Dataset entries:
__________________________________________________

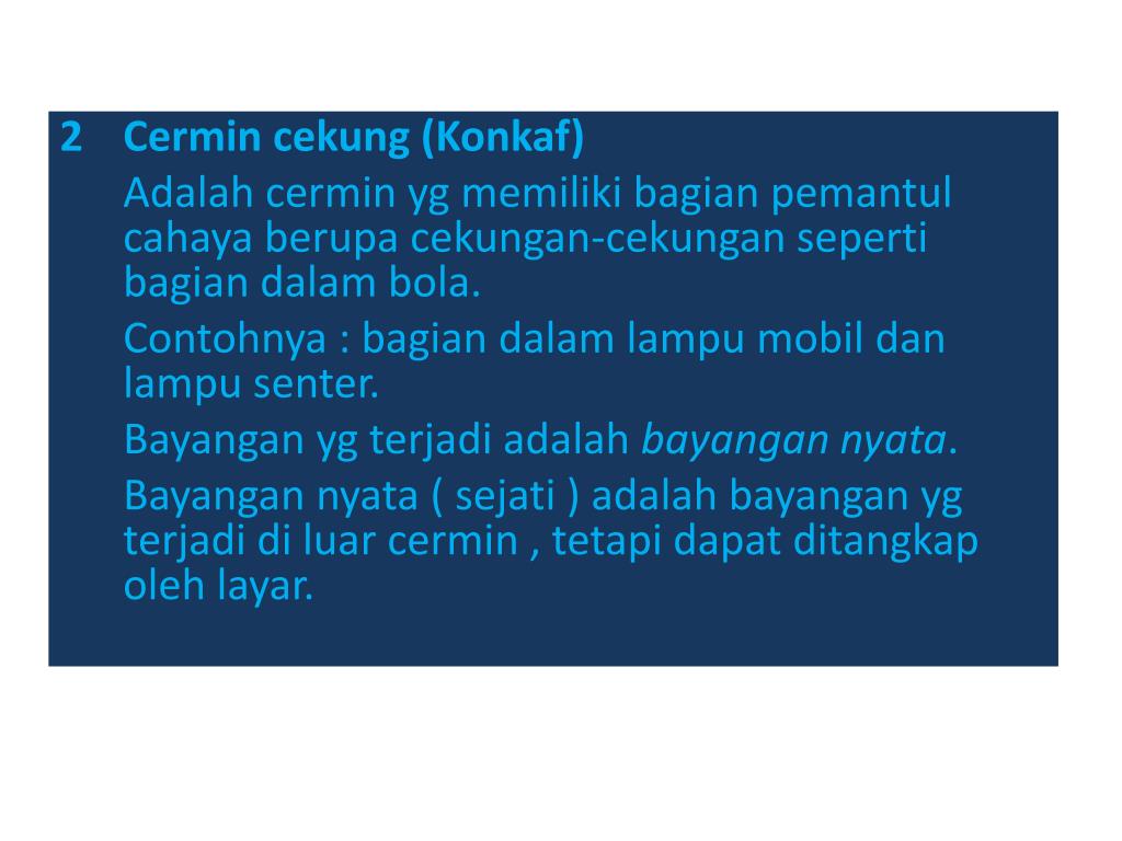Cermin cekung (Konkaf) Adalah cermin yg memiliki bagian pemantul cahaya berupa cekungan-cekungan seperti bagian dalam bola. Contohnya : bagian dalam lampu mobil dan lampu senter. Bayangan yg terjadi adalah bayangan nyata. Bayangan nyata ( sejati ) adalah bayangan yg terjadi di luar cermin , tetapi dapat ditangkap oleh layar.
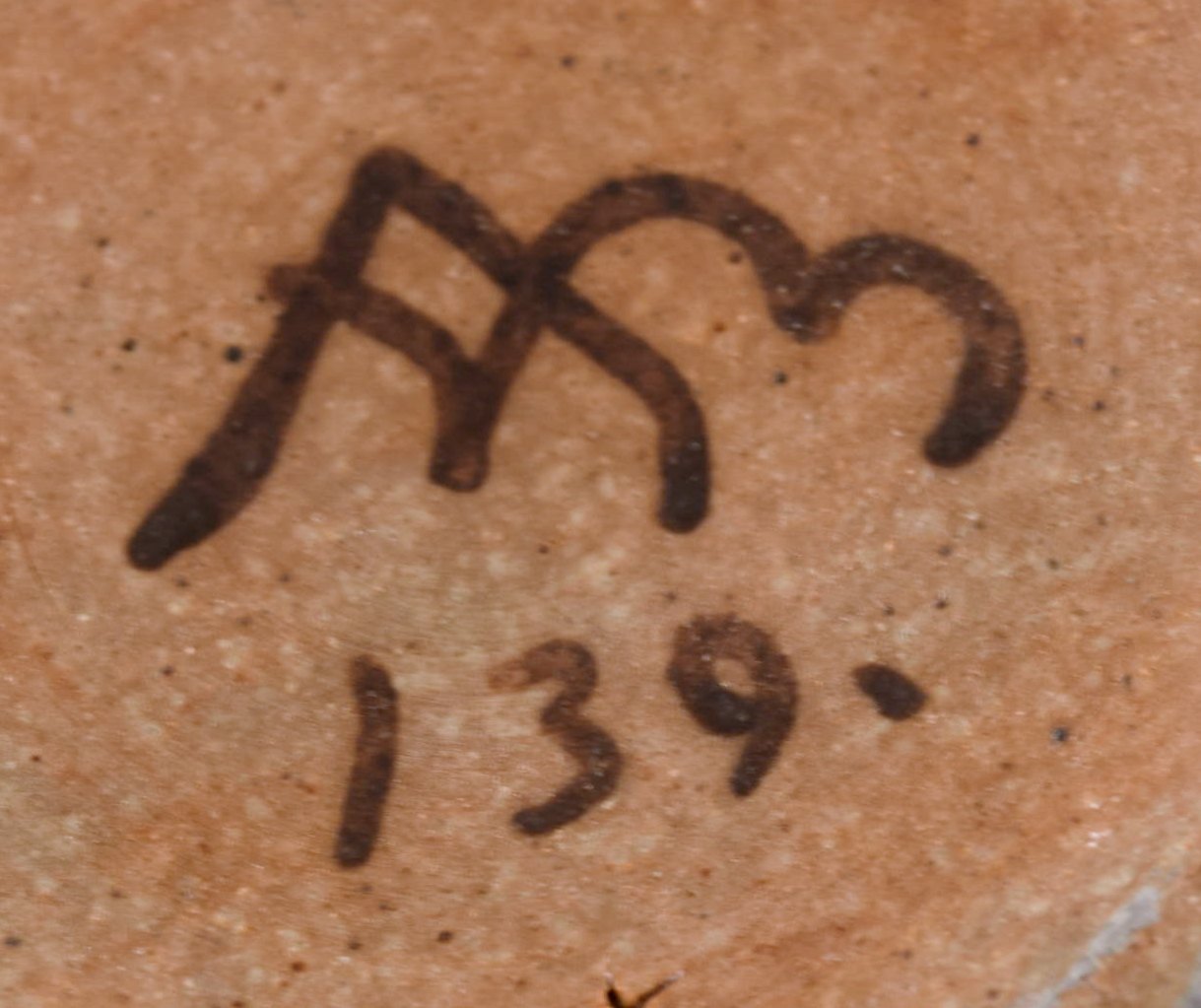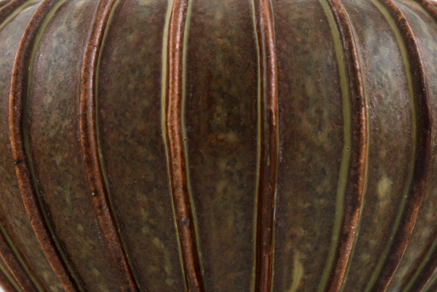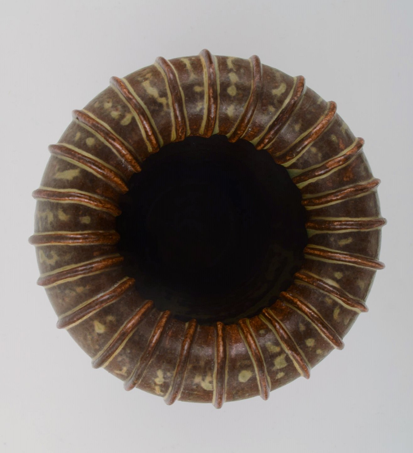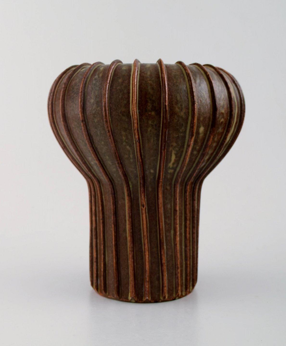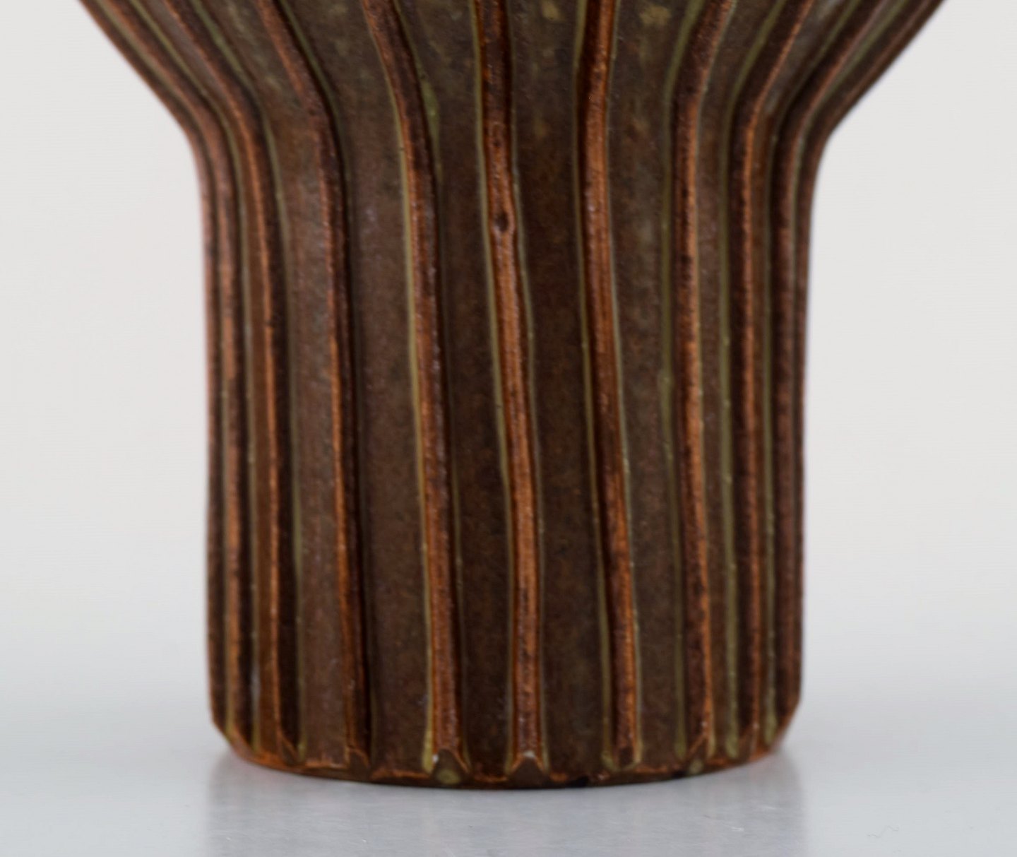Arne Bang. Trompetformet vase af stentøj, modelleret med rillet korpus. Smuk glasur i brune nuancer. Signeret i monogram: AB 139. Måler 15,5 cm x 17,5 cm. I perfekt stand.
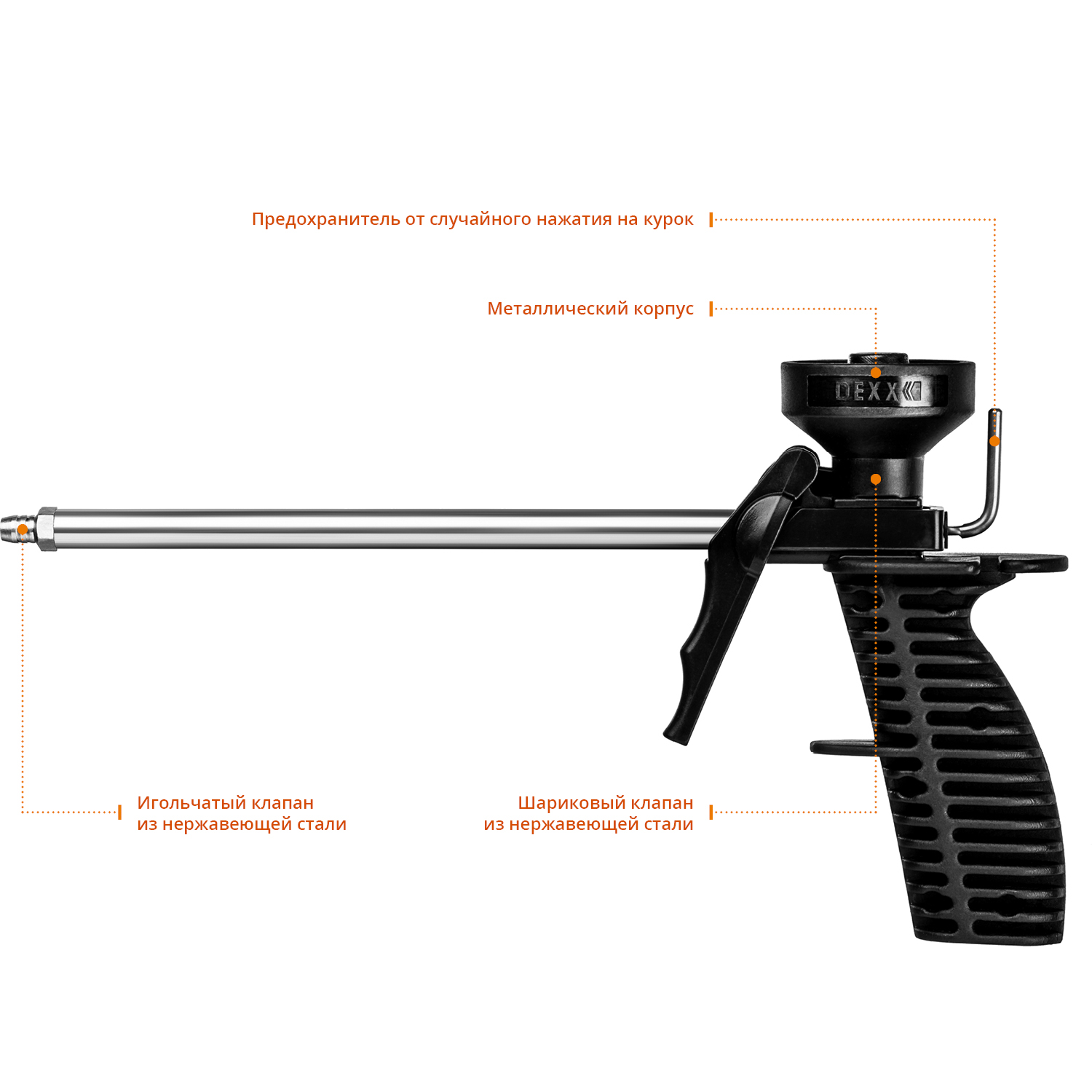 Ствол и игольчатый клапан из металла увеличивают ресурс инструмента.
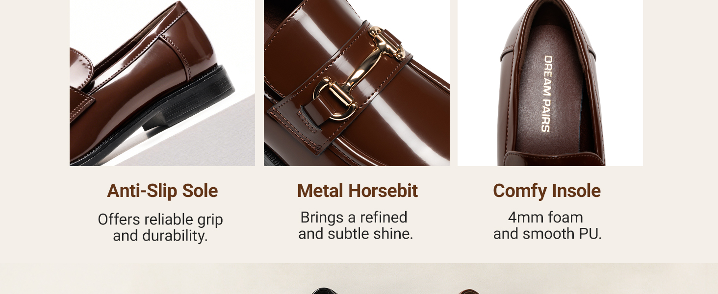 Timeless Horsebit Style: Sleek metal horsebit detail paired with a smooth PU upper creates a chic retro-modern look, perfect for commuting and casual outings.
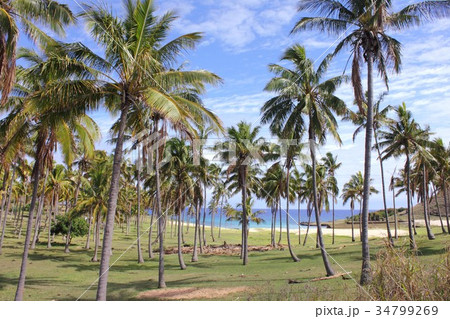 南米チリ沖の太平洋に浮かぶイースター島、ヤシの並木とコバルトブルーのウミガメ美しいアナケナの海岸
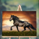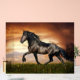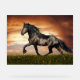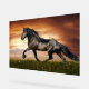 A majestic horse gallops across a field as the sun sets, casting a dramatic glow in the sky. The scene captures the beauty and energy of the horse against a backdrop of vibrant colours.
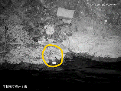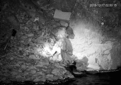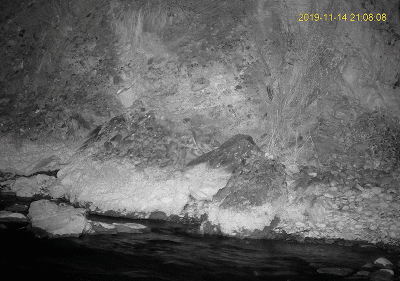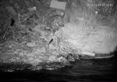 同时,从这段影像中我们可以很清晰地看出,由于受限于流水的干扰,红外相机布设的角度只能朝向陆地,而极为重要的两侧PIR感应也只能关闭,这就导致在很大呈上红外相机的延迟触发和视角局限会导致众多信息的缺失——在看到这段影像之前,我们一直都以为这只是一只水獭……
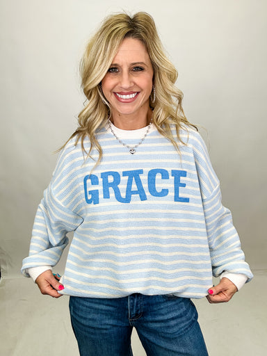 A lightweight blue striped pullover featuring “grace” across the front for a simple, meaningful touch. Soft, relaxed, and easy to style, it’s the p...
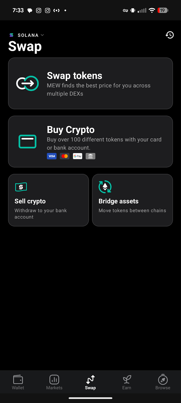 First, unlock your MEW Mobile wallet and make sure you are on the Solana network at the top left then click ‘Swap’ on the navigation bar at the bottom.
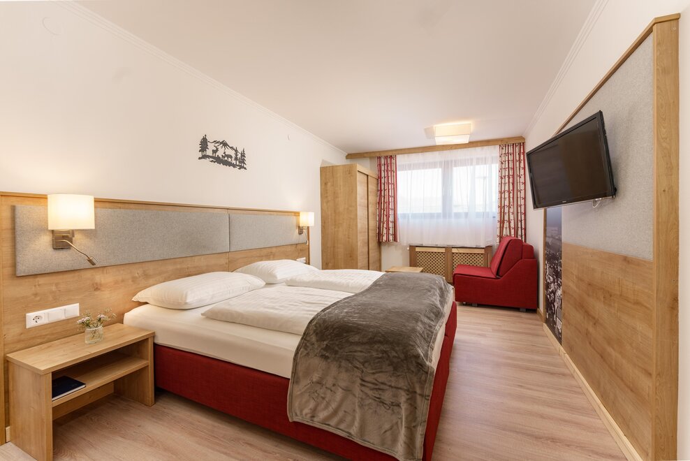 Unsere gemütlichen und geräumigen Doppelzimmer sind der ideale Rückzugsort in Ihrem Urlaub in Schladming. Alle Zimmer sind mit Badewanne oder Dusche und WC ausgestattet und verfügen über einen Flat-TV mit Kabelanschluß und kostenloses WLAN.
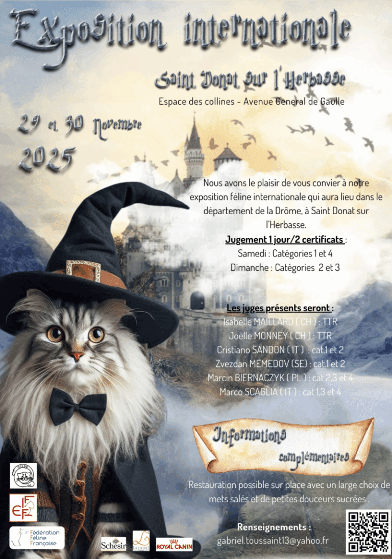 Nous serons à l’exposition féline de Saint Donat sur l’Herbasse Retrouvez-nous le dimanche 30 novembre à Saint Donat sur Herbasse (26260, France). Plus d’infos et détails pratiques sur le site
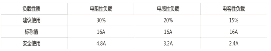 控制安全系數(shù)是指工作電壓(電流)/吸合接通負(fù)載時的電壓(電流),如果在標(biāo)稱值下使用智能照明模塊,是不可靠、不安全的;環(huán)境溫度升高或處于振動、浪涌沖擊條件下,將使繼電器觸點使壽命減少,根據(jù)負(fù)載容量大小和負(fù)載性質(zhì)(阻性、感性、容性及馬達(dá)負(fù)載)確定參數(shù)(容量值)十分重要,用戶可參考照下表根據(jù)實際電流、負(fù)載性質(zhì)選擇設(shè)備。
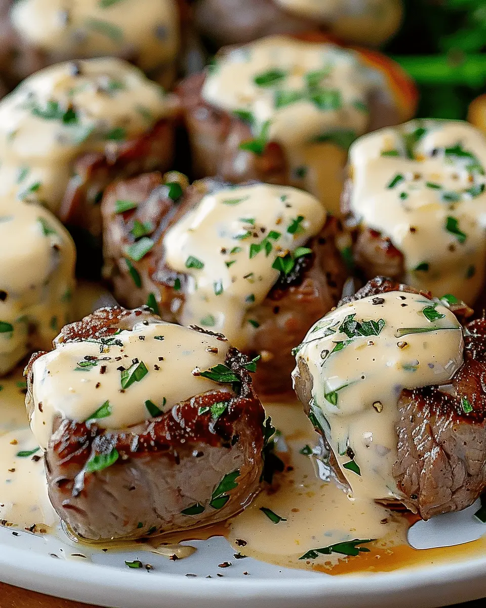 - Drizzle Sauce: Serve your steak bites with a generous drizzle of the Parmesan cream sauce over the top.
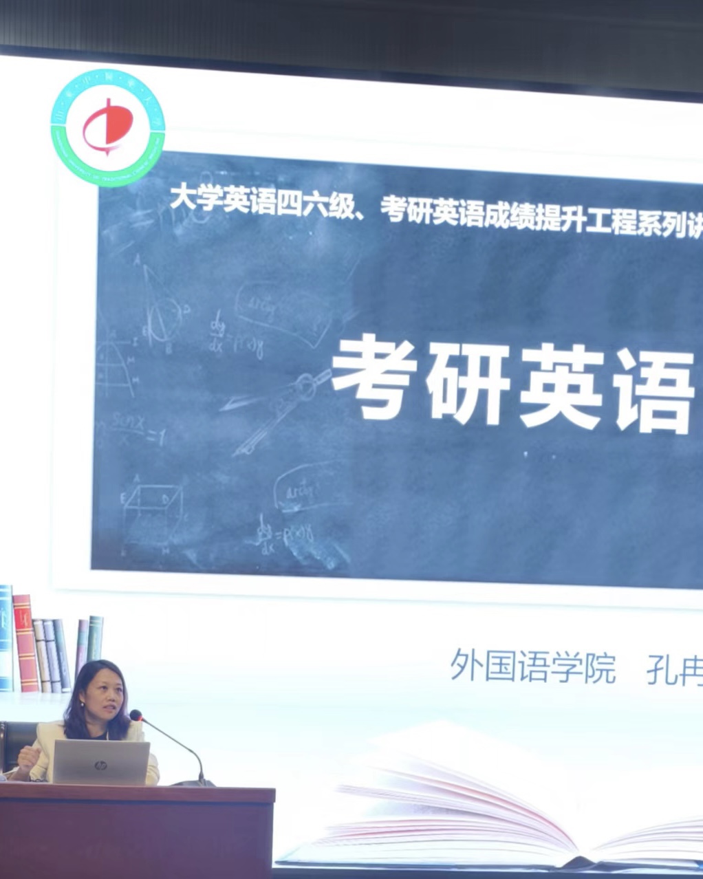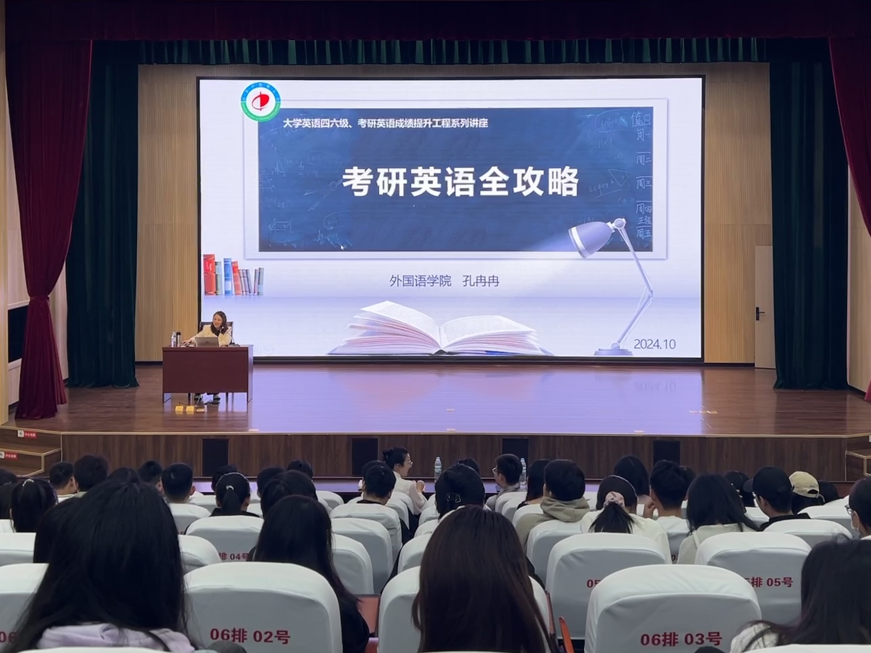 大学英语教研二室主任孔冉冉副教授在国际医学中心校区教学楼三楼报告厅作考研英语复习指导讲座。
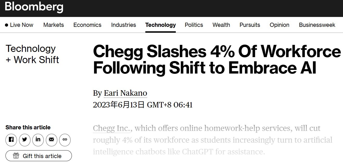 此前,Chegg 公司首席执行官 Dan Rosensweig 声称,OpenAI 的 ChatGPT 对他们的新客户增长率产生了影响,“ChatGPT 是一个致命打击,因为公司主要收入来源就是向学生提供作业解答服务”,之后 Chegg 的股价接近腰斩,暴跌了 40% 以上。
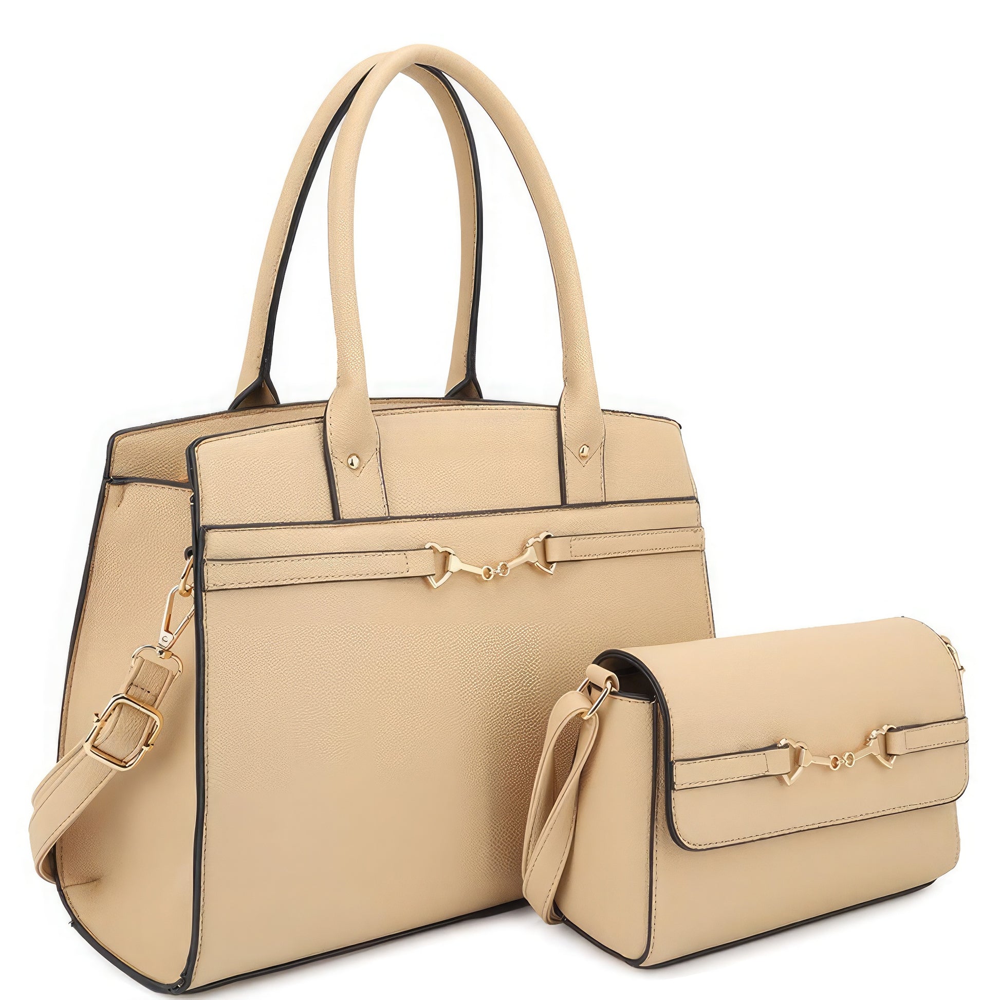 2in1 Matching Design Handle Satchel With Crossbody Bag

__________________________________________________

What the task asks: Leaving every picture out, repeat each line of the material exactly.

Response to this exercise:
Cermin cekung (Konkaf) Adalah cermin yg memiliki bagian pemantul cahaya berupa cekungan-cekungan seperti bagian dalam bola. Contohnya : bagian dalam lampu mobil dan lampu senter. Bayangan yg terjadi adalah bayangan nyata. Bayangan nyata ( sejati ) adalah bayangan yg terjadi di luar cermin , tetapi dapat ditangkap oleh layar.
Arne Bang. Trompetformet vase af stentøj, modelleret med rillet korpus. Smuk glasur i brune nuancer. Signeret i monogram: AB 139. Måler 15,5 cm x 17,5 cm. I perfekt stand.
 Ствол и игольчатый клапан из металла увеличивают ресурс инструмента.
 Timeless Horsebit Style: Sleek metal horsebit detail paired with a smooth PU upper creates a chic retro-modern look, perfect for commuting and casual outings.
 南米チリ沖の太平洋に浮かぶイースター島、ヤシの並木とコバルトブルーのウミガメ美しいアナケナの海岸
 A majestic horse gallops across a field as the sun sets, casting a dramatic glow in the sky. The scene captures the beauty and energy of the horse against a backdrop of vibrant colours.
 同时,从这段影像中我们可以很清晰地看出,由于受限于流水的干扰,红外相机布设的角度只能朝向陆地,而极为重要的两侧PIR感应也只能关闭,这就导致在很大呈上红外相机的延迟触发和视角局限会导致众多信息的缺失——在看到这段影像之前,我们一直都以为这只是一只水獭……
 A lightweight blue striped pullover featuring “grace” across the front for a simple, meaningful touch. Soft, relaxed, and easy to style, it’s the p...
 First, unlock your MEW Mobile wallet and make sure you are on the Solana network at the top left then click ‘Swap’ on the navigation bar at the bottom.
 Unsere gemütlichen und geräumigen Doppelzimmer sind der ideale Rückzugsort in Ihrem Urlaub in Schladming. Alle Zimmer sind mit Badewanne oder Dusche und WC ausgestattet und verfügen über einen Flat-TV mit Kabelanschluß und kostenloses WLAN.
 Nous serons à l’exposition féline de Saint Donat sur l’Herbasse Retrouvez-nous le dimanche 30 novembre à Saint Donat sur Herbasse (26260, France). Plus d’infos et détails pratiques sur le site
 控制安全系數(shù)是指工作電壓(電流)/吸合接通負(fù)載時的電壓(電流),如果在標(biāo)稱值下使用智能照明模塊,是不可靠、不安全的;環(huán)境溫度升高或處于振動、浪涌沖擊條件下,將使繼電器觸點使壽命減少,根據(jù)負(fù)載容量大小和負(fù)載性質(zhì)(阻性、感性、容性及馬達(dá)負(fù)載)確定參數(shù)(容量值)十分重要,用戶可參考照下表根據(jù)實際電流、負(fù)載性質(zhì)選擇設(shè)備。
 - Drizzle Sauce: Serve your steak bites with a generous drizzle of the Parmesan cream sauce over the top.
 大学英语教研二室主任孔冉冉副教授在国际医学中心校区教学楼三楼报告厅作考研英语复习指导讲座。
 此前,Chegg 公司首席执行官 Dan Rosensweig 声称,OpenAI 的 ChatGPT 对他们的新客户增长率产生了影响,“ChatGPT 是一个致命打击,因为公司主要收入来源就是向学生提供作业解答服务”,之后 Chegg 的股价接近腰斩,暴跌了 40% 以上。
 2in1 Matching Design Handle Satchel With Crossbody Bag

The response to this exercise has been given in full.